Recorded data -
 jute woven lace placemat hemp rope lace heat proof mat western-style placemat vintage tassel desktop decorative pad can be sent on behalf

--

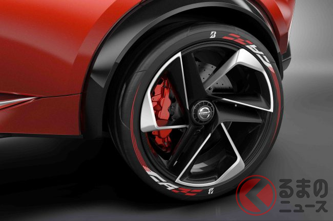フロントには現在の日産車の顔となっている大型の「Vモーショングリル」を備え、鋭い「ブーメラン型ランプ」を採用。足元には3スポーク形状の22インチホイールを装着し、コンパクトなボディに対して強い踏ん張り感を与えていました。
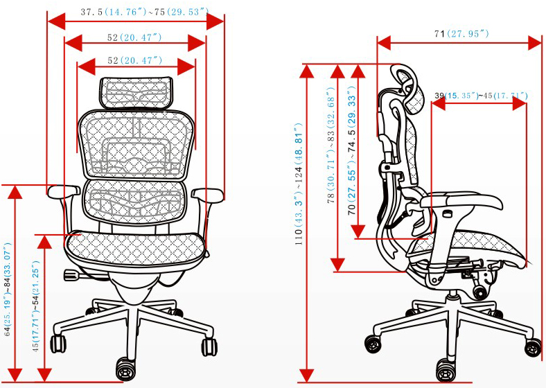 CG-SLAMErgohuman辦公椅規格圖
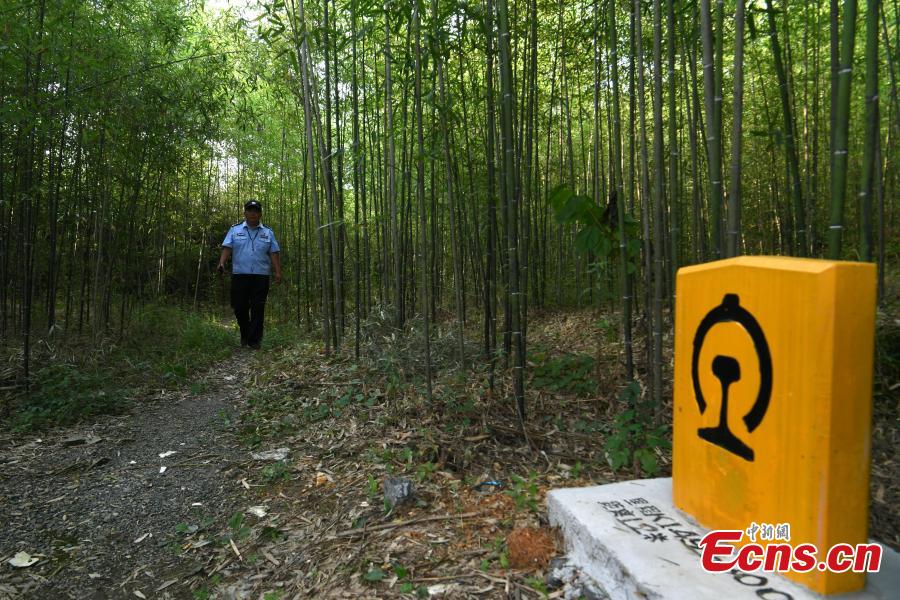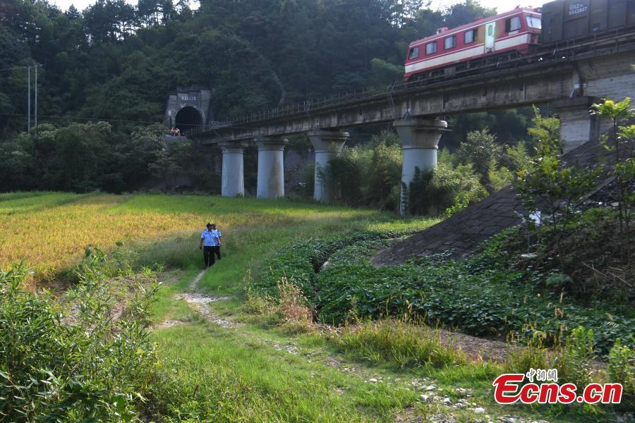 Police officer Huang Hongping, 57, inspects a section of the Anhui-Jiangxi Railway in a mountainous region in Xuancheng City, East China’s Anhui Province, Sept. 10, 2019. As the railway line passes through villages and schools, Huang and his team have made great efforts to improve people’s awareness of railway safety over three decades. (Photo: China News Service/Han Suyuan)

...

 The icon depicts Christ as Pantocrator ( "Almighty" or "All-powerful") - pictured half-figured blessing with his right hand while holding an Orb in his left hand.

Task instructions -
Pictures excluded, give again exactly and only the lines of the material above from the line with "フロントには現在の日産車の顔" through the line with "Police officer Huang".

Exercise answer -
フロントには現在の日産車の顔となっている大型の「Vモーショングリル」を備え、鋭い「ブーメラン型ランプ」を採用。足元には3スポーク形状の22インチホイールを装着し、コンパクトなボディに対して強い踏ん張り感を与えていました。
 CG-SLAMErgohuman辦公椅規格圖
 Police officer Huang Hongping, 57, inspects a section of the Anhui-Jiangxi Railway in a mountainous region in Xuancheng City, East China’s Anhui Province, Sept. 10, 2019. As the railway line passes through villages and schools, Huang and his team have made great efforts to improve people’s awareness of railway safety over three decades. (Photo: China News Service/Han Suyuan)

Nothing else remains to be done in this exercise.